### WORK ORDER
Your copy must start with the line containing "3 Barni; 2007;" and end with the last line of the entries, matching them exactly and leaving out every picture.

** Opening DATA EXTRACTS block **

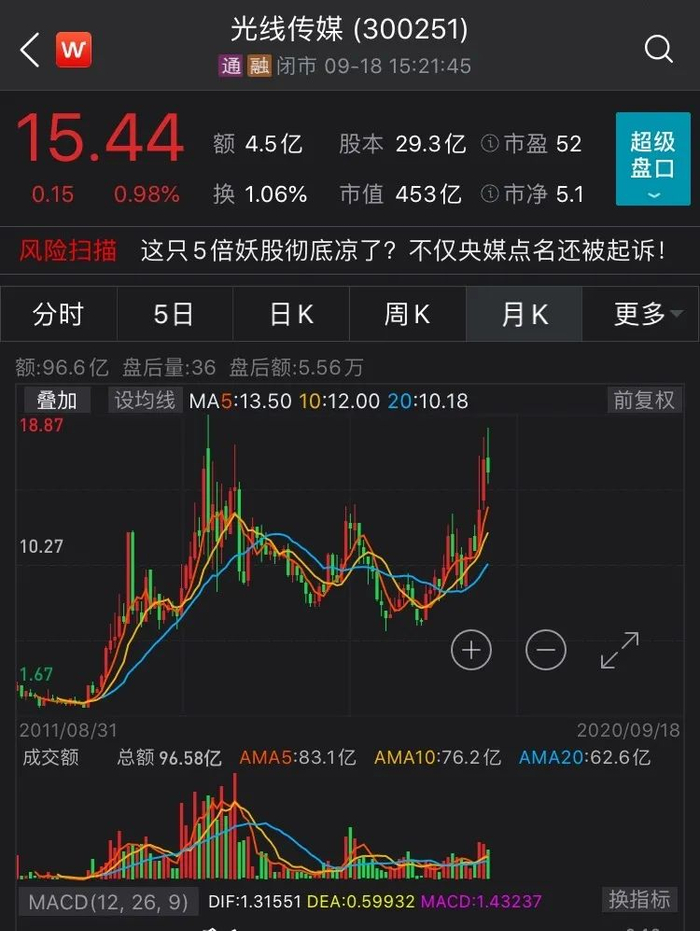 截至9月18日收盘,华谊报收5.52元,总市值153.90亿;光线报收15.44元,总市值452.95亿。老同行拉开距离,虽然曾经华谊市值超过800亿。
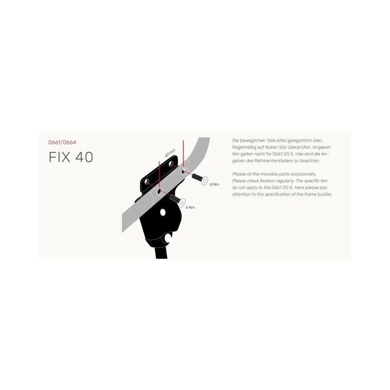 Der FIX 40 T mit verlängerten Kopf bietet aufgrund der tieferliegenden Mechanik einen deutlich grösseren Abstand (ca. 70 mm) zum Achsmittelpunkt des Rades und ermöglicht somit eine ideale Verwendung von Anhängerkupplungen. Durch die spezielle Konstruktion des Ständer-Kopfes wird dem Radler zusätzlich mehr Fussfreiheit geboten.
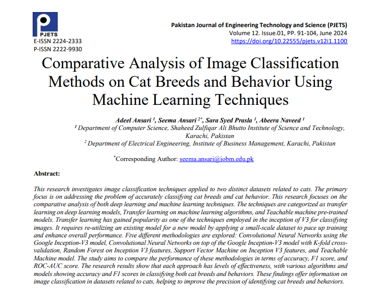 Comparative Analysis of Image Classification Methods on Cat Breeds and Behavior using Machine Learning Techniques
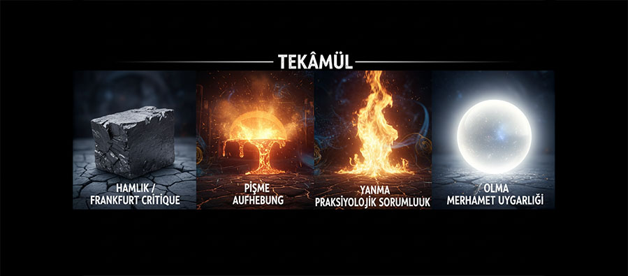[3] Aufhebung, Hegel’in diyalektiğinde “hem yıkmak hem saklamak hem de daha yüksek bir düzeye taşımak” anlamına gelen üç hareketli bir kavramdır; metninin bağlamında ise Frankfurt Okulu ile Heterobilim Okulu arasındaki ilişkiyi anlatan kilit menteşe gibi çalışıyor. Frankfurt’un yaptığı şey, modern aklın karanlık yüzünü teşhir eden büyük bir negatif moment; yani eleştirinin zirvesi ama kuruluşun zemini değil. Heterobilim Okulu, tam burada devreye girip Frankfurt’u basitçe çöpe atmıyor; onu yadsıyıp (eleştirinin eksiklerini ve coğrafi körlüklerini ifşa ederek), içeriyor (travma bilincini, kültür endüstrisi analizini, araçsal akıl teşhisini kendi epistemik hafızasına ekleyerek) ve aşıyor; yani eleştiriyi son durak değil, inşa sürecinin ilk katı haline getiriyor. Metinde bu, açıkça “Frankfurt eleştirdi; Heterobilim inşa edecek” cümleleriyle, ayrıca tasavvufî kemâl çizgisiyle; “hamlık – pişme – yanma – olma” analojisi üzerinden okunuyor; Hegelci Aufhebung kavramı ile tasavvufun tekâmül dili aynı yerde kısa devre yapıyor ve yeni bir uygarlık modeli için teorik sigorta olarak tasarlanıyor. Başka türlü söylersek; Aufhebung burada, Eleştirel Teori’yi bitirme değil, Heterobilim Okulu’nun Praksiyom merkezli merhamet uygarlığına yükselten düşünsel asansörüdür. Filozof Kirpi: “Gerçek Aufhebung, teoriyi gömmek değil; onu mezarlıktan çıkarıp, vicdan ve eylemle yeni bir uygarlığa yeniden kaydetmektir.”
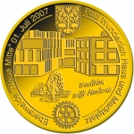 3 Barni; 2007; ausgegeben: 2007/07; Herausgeber: Rotary Club; MB-3Barni-2007-02; Vs.: 3 Barni - Rotary Club; Rs.: Eberswalde „Neue Mitte“, Paul-Wunderlich-Haus und Marktplatz; Messing Goldfarbig; Dm=30,22mm; Zeichnung: n.h.s.; Auflage: 1.000 Stück; Spendenbarni |
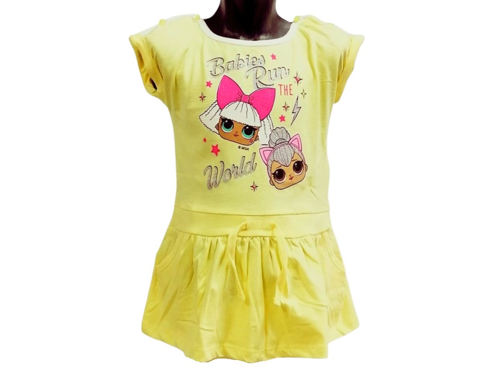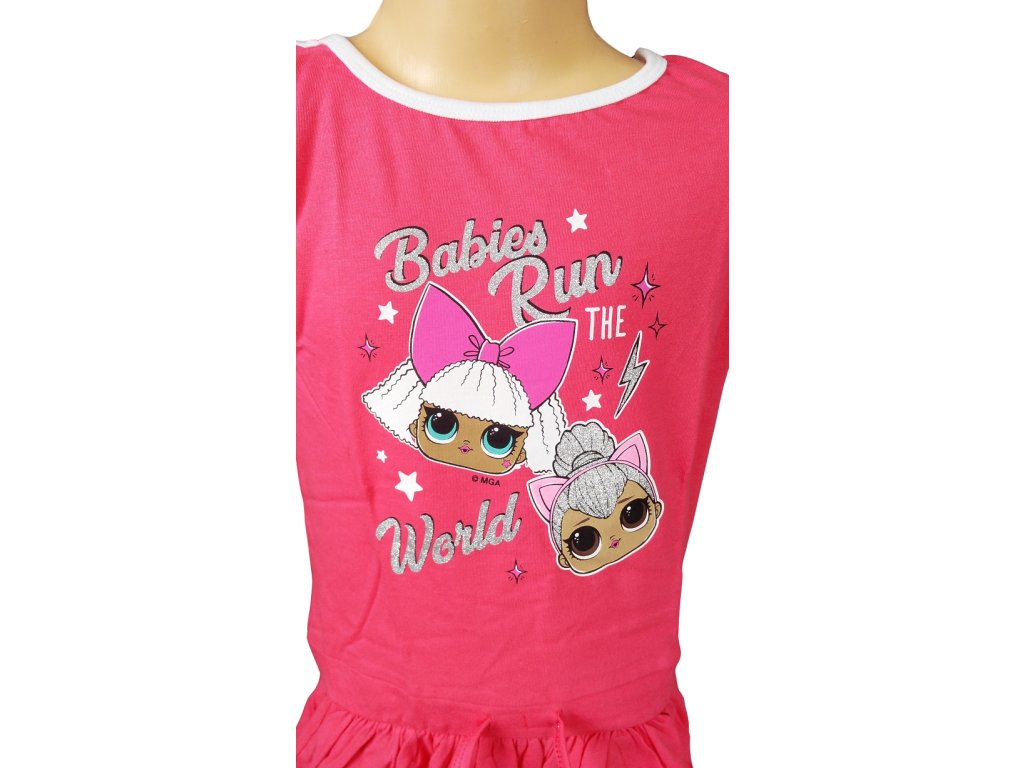 Super pohodlné bavlněné šaty ideální pro letní dny. Dívčí šaty s motivem okatých panenek LOL poskytují dostatek prostoru pro pohyb, takže jsou vhodné doma, do města i na zahradu. Motiv je navíc ozdoben třpytkami, které dětem zaručeně udělají radost.

** Closing DATA EXTRACTS block **

### SOLUTION
 3 Barni; 2007; ausgegeben: 2007/07; Herausgeber: Rotary Club; MB-3Barni-2007-02; Vs.: 3 Barni - Rotary Club; Rs.: Eberswalde „Neue Mitte“, Paul-Wunderlich-Haus und Marktplatz; Messing Goldfarbig; Dm=30,22mm; Zeichnung: n.h.s.; Auflage: 1.000 Stück; Spendenbarni |
 Super pohodlné bavlněné šaty ideální pro letní dny. Dívčí šaty s motivem okatých panenek LOL poskytují dostatek prostoru pro pohyb, takže jsou vhodné doma, do města i na zahradu. Motiv je navíc ozdoben třpytkami, které dětem zaručeně udělají radost.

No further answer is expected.